Image_Denoising_Using_Mpi

I implemented a parallel algorithm for denoising the noised image within the Ising model using Metropolis-Hastings algorithm.

Procedure

First, you should install "openmpi" and have "gcc compiler" in your machine.

Secondly, you should arrange the path according to

- export PATH=$PATH:$HOME/openmpi/bin 
- export LD_LIBRARY_PATH=$LD_LIBRARY_PATH:$HOME/openmpi/lib

Execution

Then, to run this program, an example command is given

  • mpicc -g imagedenoise.c -o imagedenoise
  • mpiexec -n 11 ./imagedenoise input.txt output.txt 0.4 0.15

Hint: (mpiexec -n [NUM_OF_PROCESSOR + 1] ./imagedenoise input output beta pi)

Notes

NOTE1: The program can execute with any given processor number. (But, I recommend you to choose 10 (actually 10+1=11) processors due to the trade-off between message passing and iteration count) Eventually, you can choose any number of processors that you wish.

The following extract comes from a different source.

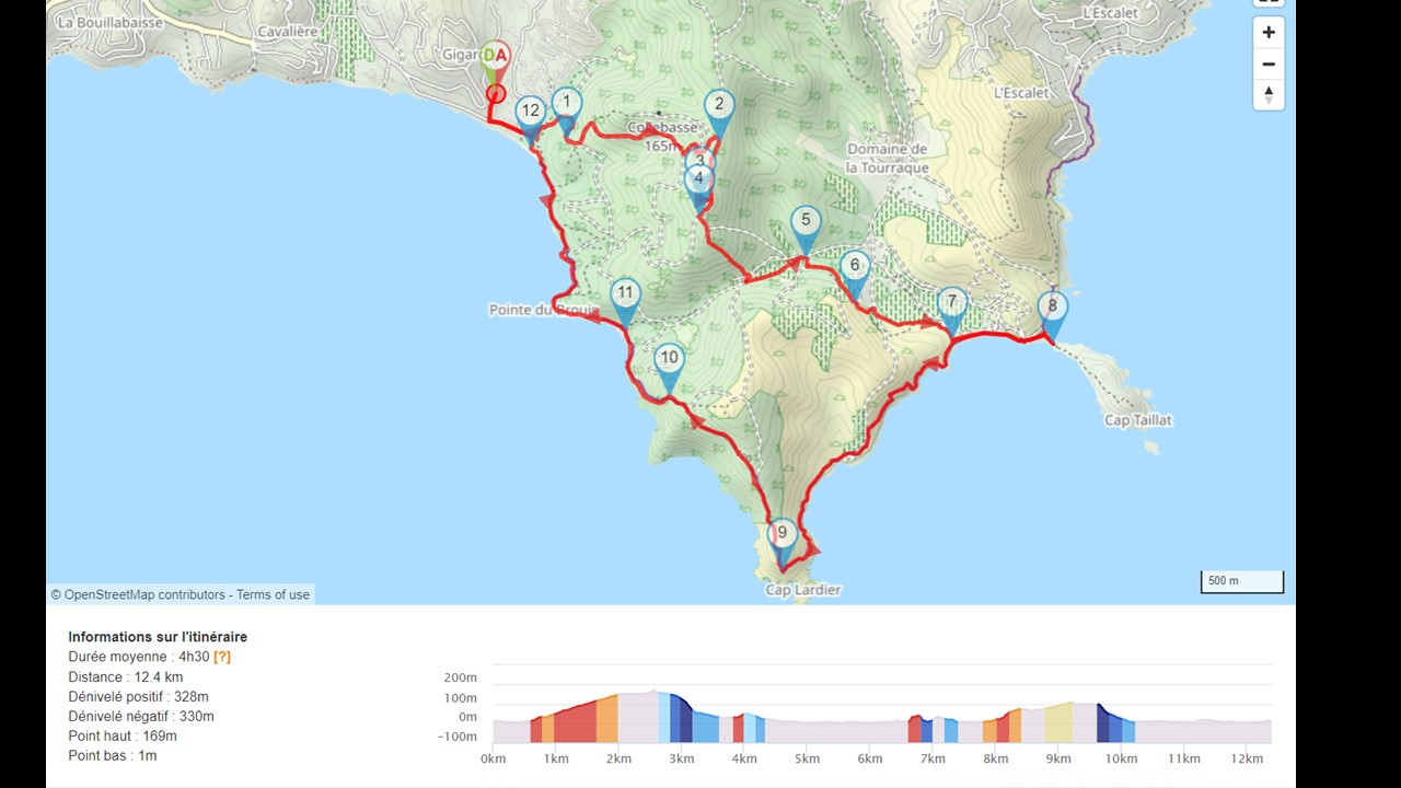 Magnifique randonnée après Cavalaire et non loin de Ramatuelle d’environ 4H au bord de l’eau mais avec de belles petites montées jamais très longues avec un stop au cap Lardier et un retour à partir du cap Taillat vers la plage de Gigaro

NOTE2: I added two printf statements into code to show that the code is continuing the calculation. Example console output:

	- mpicc -g imagedenoise.c -o imagedenoise
	- mpiexec -n 11 ./imagedenoise input.txt output.txt 0.4 0.15
	-  ---tasks are sended to slaves---
	-  // after about 30 sec or 50 sec (in virtual machine).
	-  ---the noisy image is denoised---
	-  // denoised image is created in the same directory with the given output name
	-  // and the program is ended

NOTE3: There is an example input file named "lena200_noisy.txt" which is represented in the Ising Model. And also there are python scripts in order to convert image to txt or vice versa.